■ Directions for this task: Exact transcription of the data below is required, without the images.

■ Raw data:
------------------------

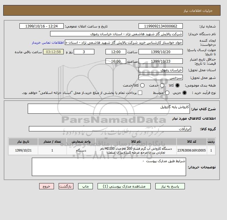 نام دستگاه خریدار:شرکت پالایش گاز شهید هاشمی نژاد - استان خراسان رضوی
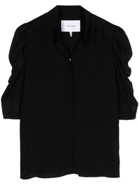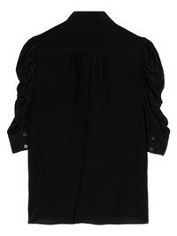 ruched silk blouse Highlights - Black - Silk - Twill weave - Ruched detailing - Stand-up collar - Front button fastening - Three-quarter length puff sleeves - Buttoned cuffs - Straight hem Made in United States Composition Silk 100% Washing instructions Dry Clean Only
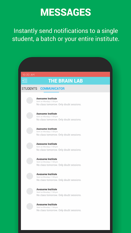 A simple and user friendly app for students and parents to get real time updates from your institute.

------------------------

■ Written response:
 نام دستگاه خریدار:شرکت پالایش گاز شهید هاشمی نژاد - استان خراسان رضوی
 ruched silk blouse Highlights - Black - Silk - Twill weave - Ruched detailing - Stand-up collar - Front button fastening - Three-quarter length puff sleeves - Buttoned cuffs - Straight hem Made in United States Composition Silk 100% Washing instructions Dry Clean Only
 A simple and user friendly app for students and parents to get real time updates from your institute.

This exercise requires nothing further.